后来他胆子越来越大。
白天也敢盯着马大凤看了。吃饭的时候她端菜上桌,弯下腰把菜碟子搁在桌子中间,领口敞着一条缝。
他在那条缝里看见过她乳沟的轮廓,白白的,深深的,汗珠子顺着那道沟往下滚。他的筷子停在半空中,嘴里的饭嚼着嚼着就忘了咽下去。
“满仓。”梁满囤叫了一声。
他猛地回过神来:“嗯?”
“你发什么呆?筷子举半天了。”
“没、没发呆。”他把筷子插进碗里,拼命扒饭。
马大凤看了他一眼,没说话,端起碗继续喝粥。
夏天越来越热。
马大凤在院子里洗衣裳,蹲在木盆边上,袖子卷到胳膊肘上头,露出两条白生生的手臂。
她使劲搓衣裳的时候,胸前那两坨肉就跟着晃,薄薄的汗衫根本兜不住。
汗衫领口本来就低,她一弯腰搓衣裳,领口就往下坠,从侧面能看见大半只奶子。
梁满仓坐在门槛上搓麻绳,手里的麻绳搓着搓着就停住了。
“满仓,麻绳搓好了没?”马大凤头也不抬地问。
“快了。

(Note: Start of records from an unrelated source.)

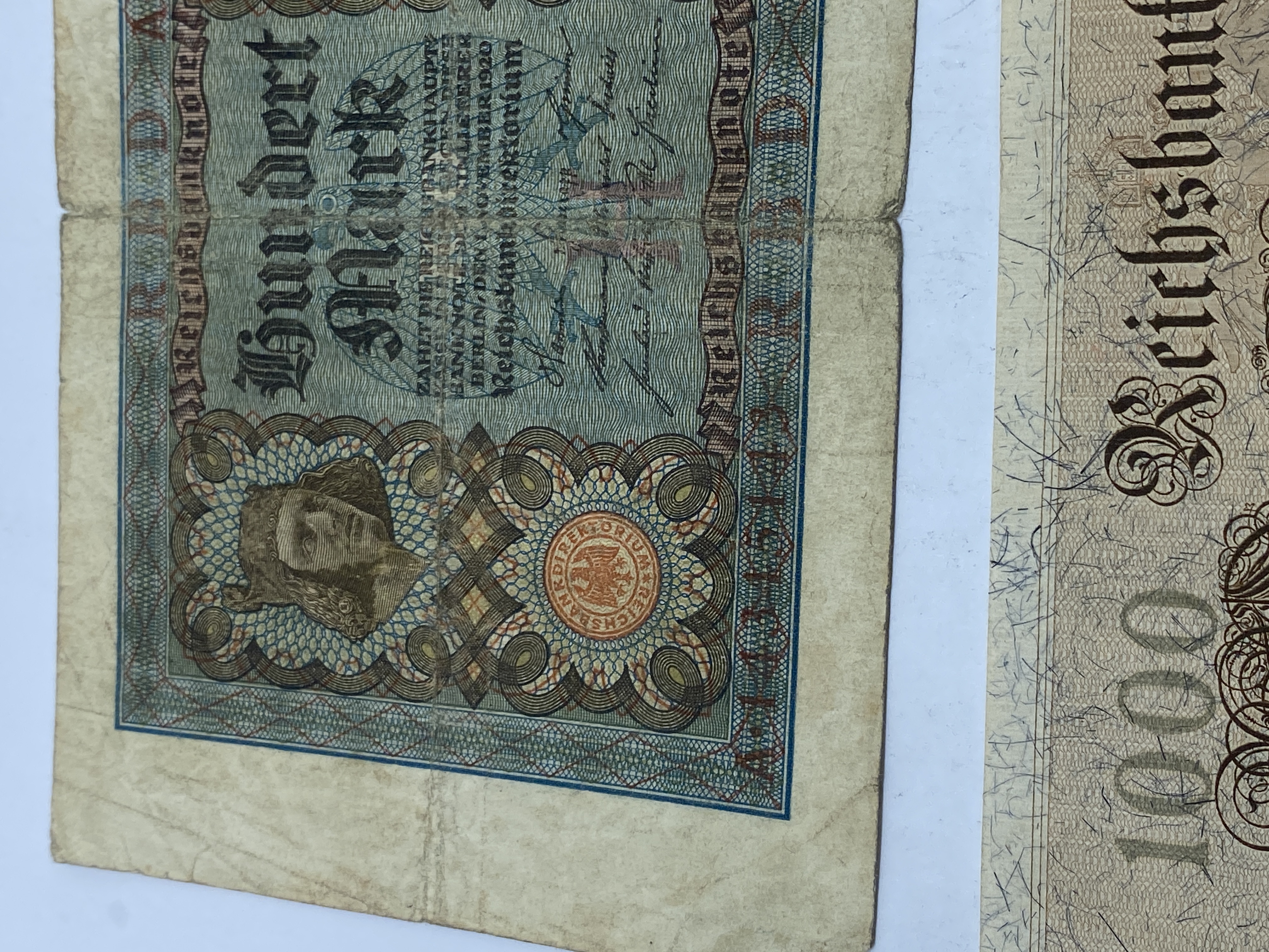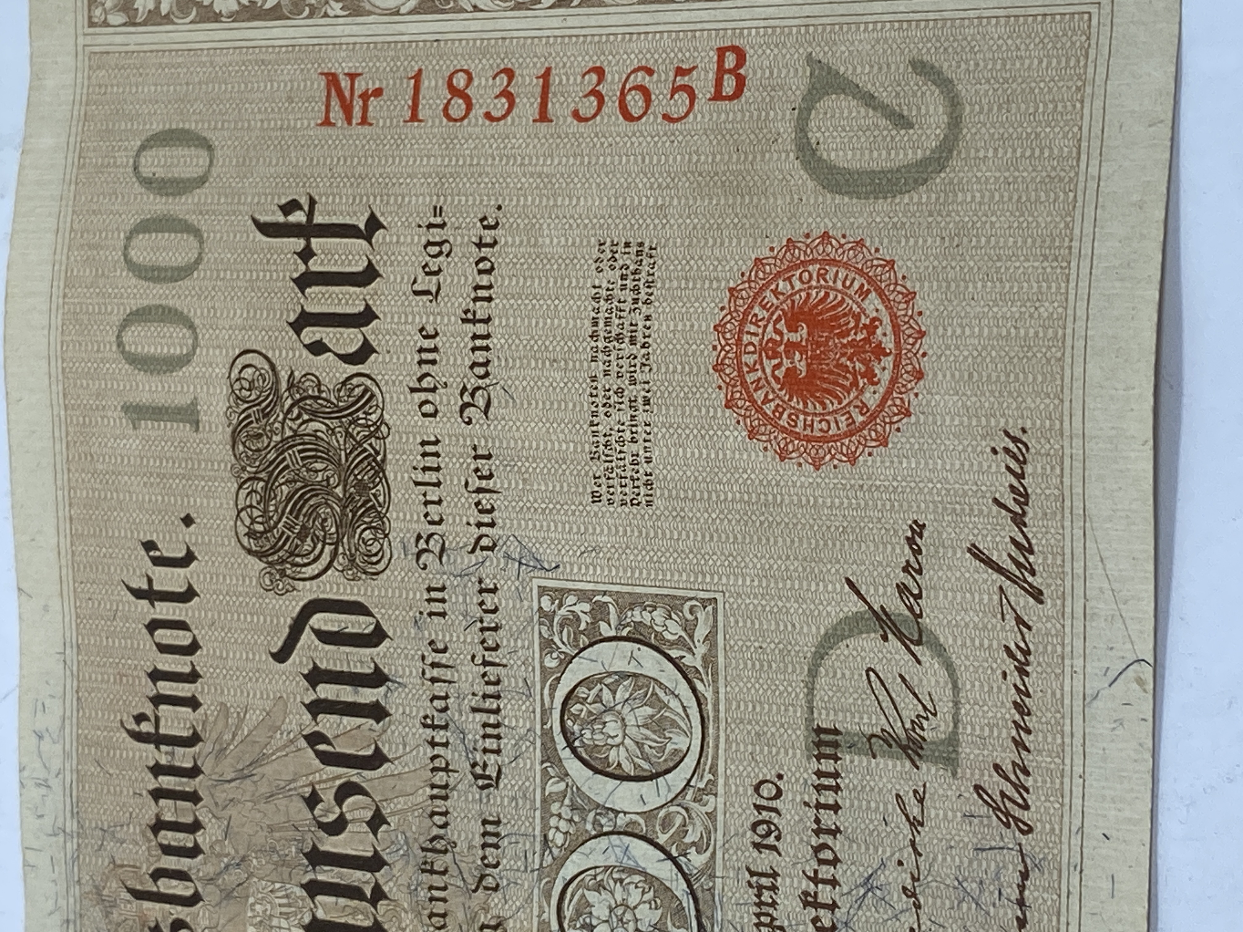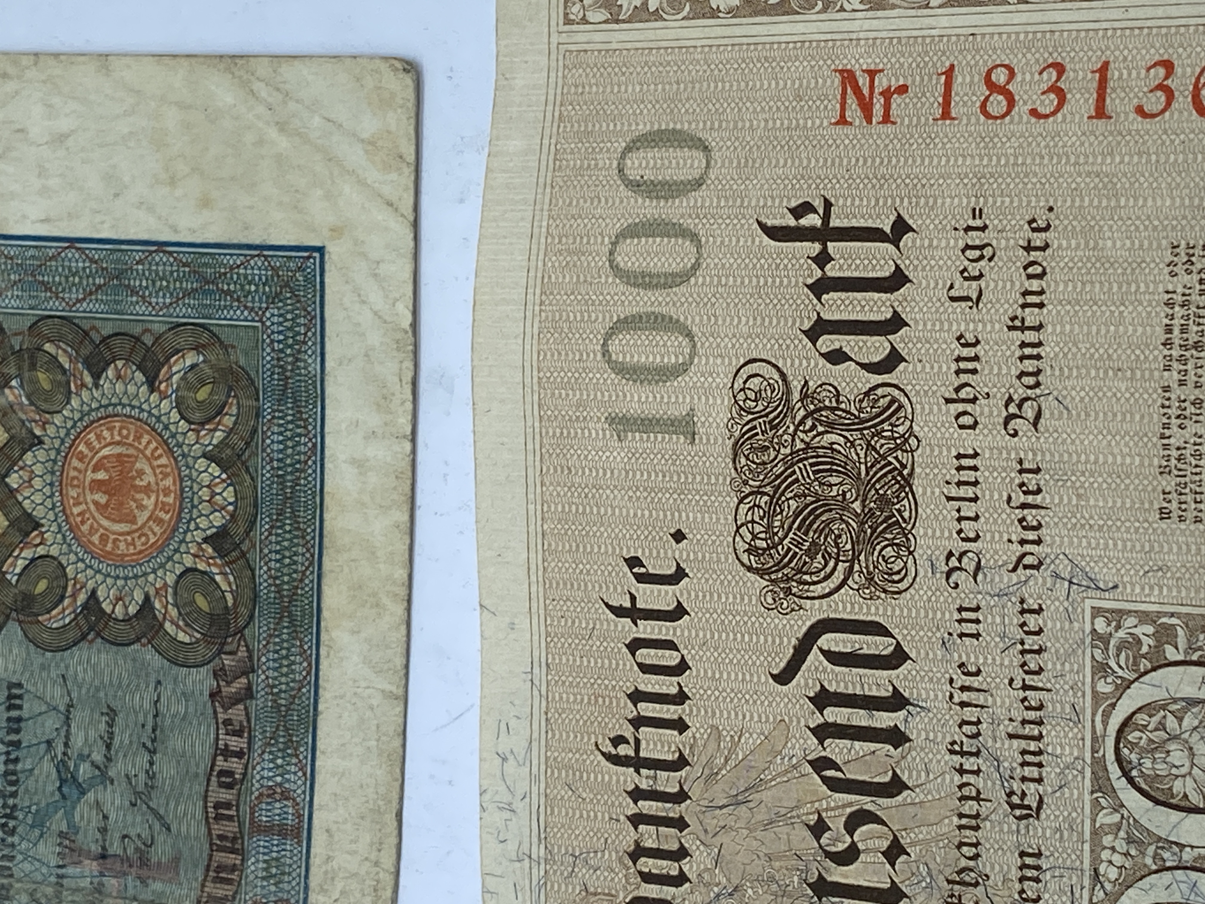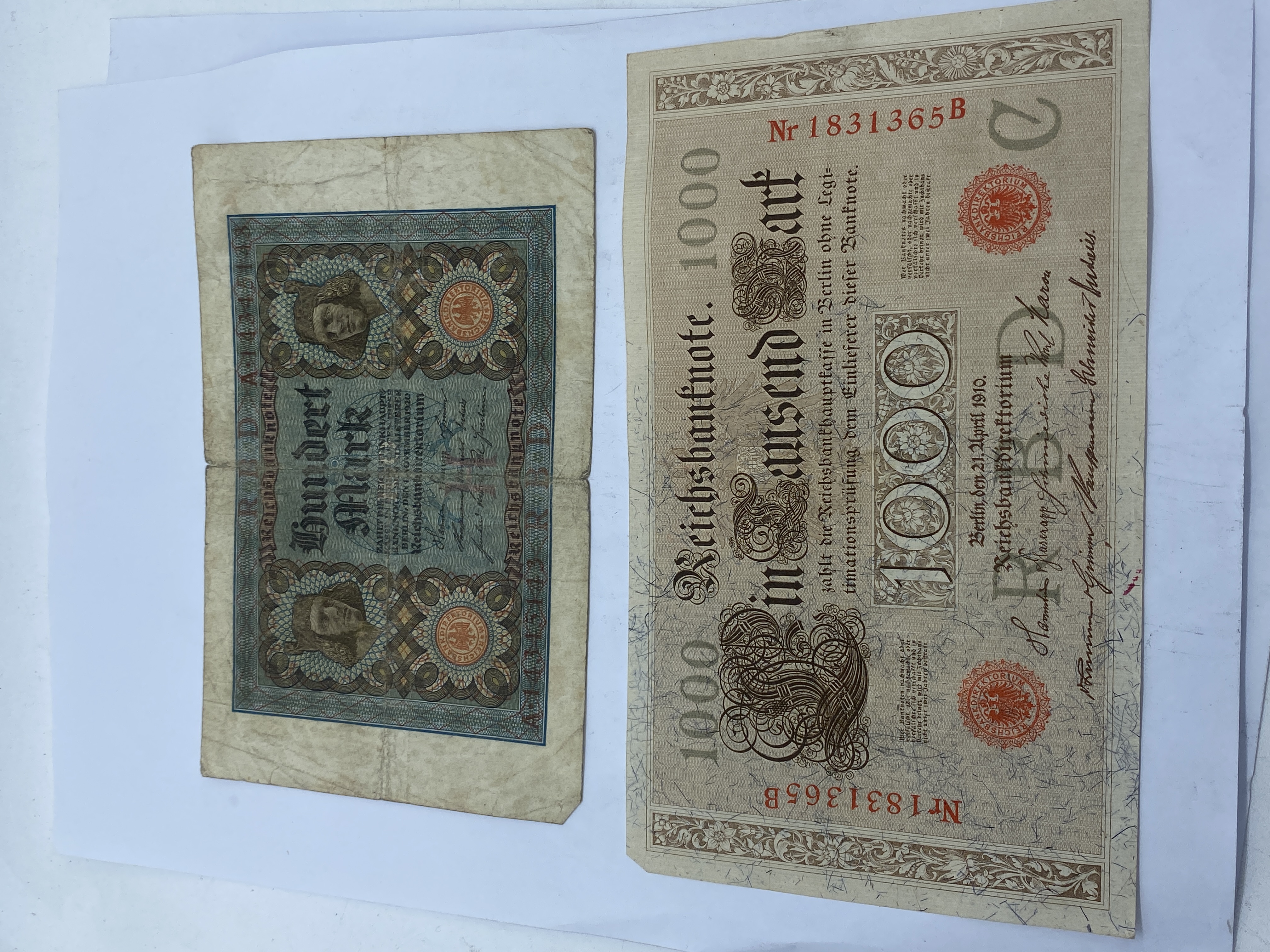 Two German 1000 Mark Reichsbanknote banknotes dated 1910.
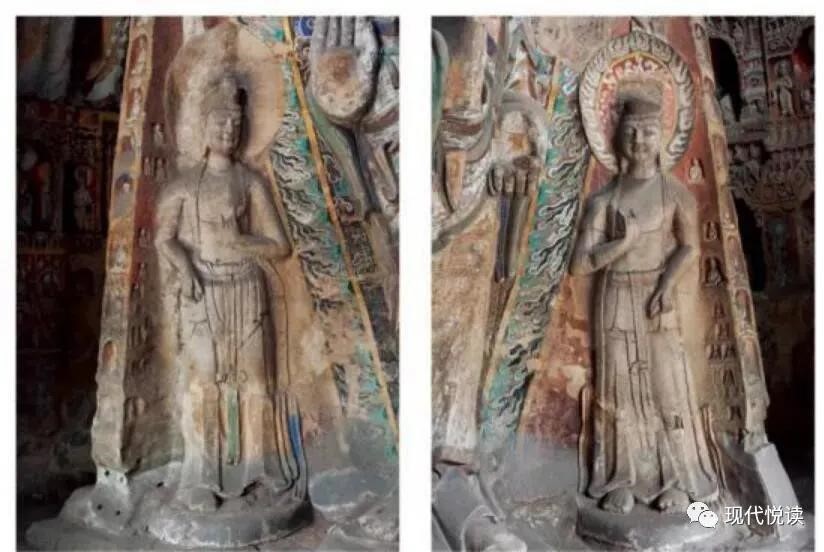第十一窟中心塔柱南面左右胁侍菩萨
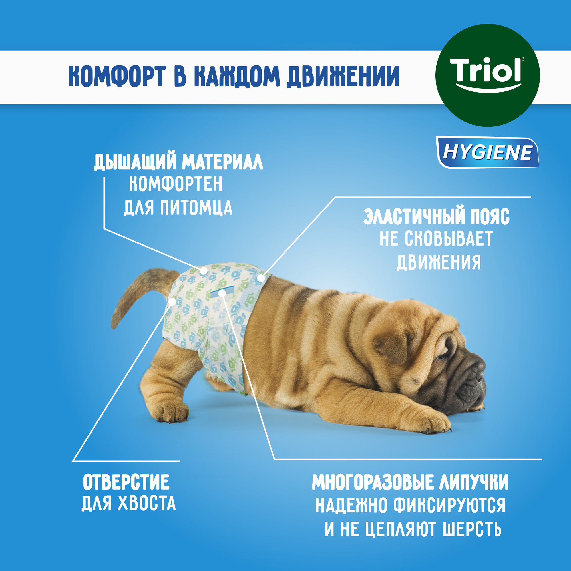 Подгузник для собак TRIOL р-р XS (2- 4 кг) 22 шт.
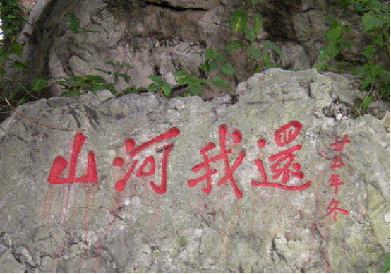 冠山,位于貴州龍里冠山盆地(縣城)東隅,巖山形似金鐘撲地,古木參天,蔥郁蒼翠。明永樂七年(1409)始建的道教活動場所掩蔽其中,可謂“山不在高有仙則名”。在歷史的長河中,雖然道教一去不復(fù)返,但其紫虛觀主體建筑保存尚好,現(xiàn)列為省級文物保護(hù)單位,由主體建筑紫虛閣、左右?guī)俊⑶暗?、山門、文昌祠組成二進(jìn)院式古建筑群。主體建筑為木構(gòu)穿斗式三重檐六角攢尖筒瓦頂,1989年遷入的文昌祠,為木構(gòu)抬梁式歇山青瓦頂,帶吻正脊,戧脊翹角卷草,石質(zhì)柱礎(chǔ)浮雕仙草、竹、梅、鹿等圖案。西南兩面有1936年題刻的“還我河山”、“巨靈一孹”等七方摩崖石刻。建筑物的形制、布局給人一種古樸、滄桑之感。登閣騁目,遠(yuǎn)山峻嶺和鱗次櫛比的樓房盡收眼底,讓人流連忘返。
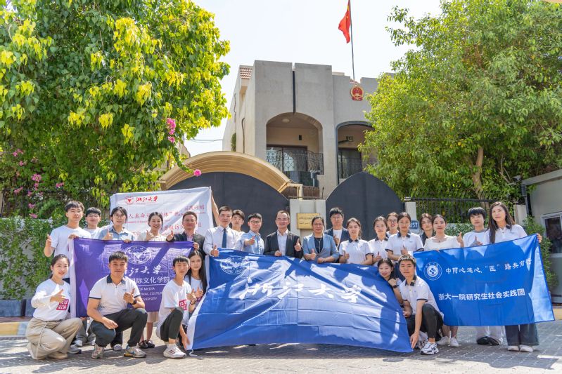 张益明大使对实践团的到来表示热烈欢迎。他指出,今年是中阿两国建交40周年,充满机遇、活力和朝气的阿联酋已成为我国在中东海湾地区合作最坚实、关系最亲密的伙伴之一。他强调,中国加速推进高质量发展与高水平对外开放的历史机遇为两国青年学生搭建了高效的交流平台,浙江大学在国际化人才培养领域付出了巨大努力、获得了很大成就,希望未来有更多青年人才参与到中阿交流活动中来。
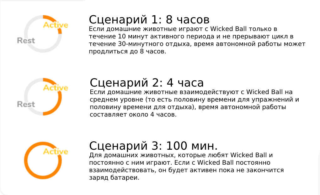Час гри залежить від часу взаємодії Wicked Ball та вихованців, а також встановленого режиму. Максимальний час роботи – до 8 годин.

”他低下头,手上使劲搓,耳朵根红得像煮熟的虾。
有一回更邪乎。
马大凤在院子里晒被单,被单挂上晾衣绳的时候风一下子把被单吹起来,她伸手去拽,整个身子往前一探,汗衫的下摆就往上撩,露出一截白花花的腰。
那腰真细,胯骨上头有一道弧线,往裤腰里收进去,收得又紧又圆。
梁满仓正从茅房里出来,一眼撞见这一幕,裤裆里当时就撑起来了。
他一个转身又回了茅房。
在茅房里站了半天,等那东西消下去了才敢出来。
他恨自己。
恨得咬牙切齿。
夜里躺在炕上,他骂自己不要脸,骂自己是chusheng,骂完了又把被子蒙在头上,脑子里翻来覆去全是他嫂子的影子。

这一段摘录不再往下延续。